• **Material provided**:
+===+
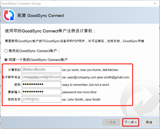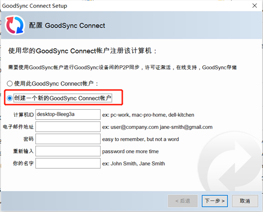 第三步:点击“创建一个新的GoodSync Connect账户”输入相关的信息
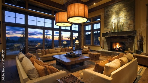 93. Dining room with ambient lighting above rectangular table
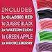 Six delicious flavors; red, black, green apple, watermelon, blueberry, and huckleberry.
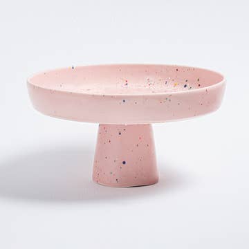 Elevate your celebrations with the New Party Cake Stand! Designed to bring joy to any occasion, its lively aesthetic and playful charm make every cake the centerpiece of the table. A true expression of the New Party Collection, it’s the perfect blend of elegance and fun. Dimensions: Diameter: 28cm Height: 12,5cm Our pieces are: Food safe. Cadmium Free. Material: Stoneware with less than 3% absorption. Our Party Collection features a special type of glaze that may exhibit areas where speckles become diffused due to the glass's reactive nature during processing. We find these unique, unpredictable variations to be the most beautiful aspect of the glaze.
+===+
The response is the full listing, copied exactly, with the pictures omitted.

• **Written solution**:
 第三步:点击“创建一个新的GoodSync Connect账户”输入相关的信息
 93. Dining room with ambient lighting above rectangular table
 Six delicious flavors; red, black, green apple, watermelon, blueberry, and huckleberry.
 Elevate your celebrations with the New Party Cake Stand! Designed to bring joy to any occasion, its lively aesthetic and playful charm make every cake the centerpiece of the table. A true expression of the New Party Collection, it’s the perfect blend of elegance and fun. Dimensions: Diameter: 28cm Height: 12,5cm Our pieces are: Food safe. Cadmium Free. Material: Stoneware with less than 3% absorption. Our Party Collection features a special type of glaze that may exhibit areas where speckles become diffused due to the glass's reactive nature during processing. We find these unique, unpredictable variations to be the most beautiful aspect of the glaze.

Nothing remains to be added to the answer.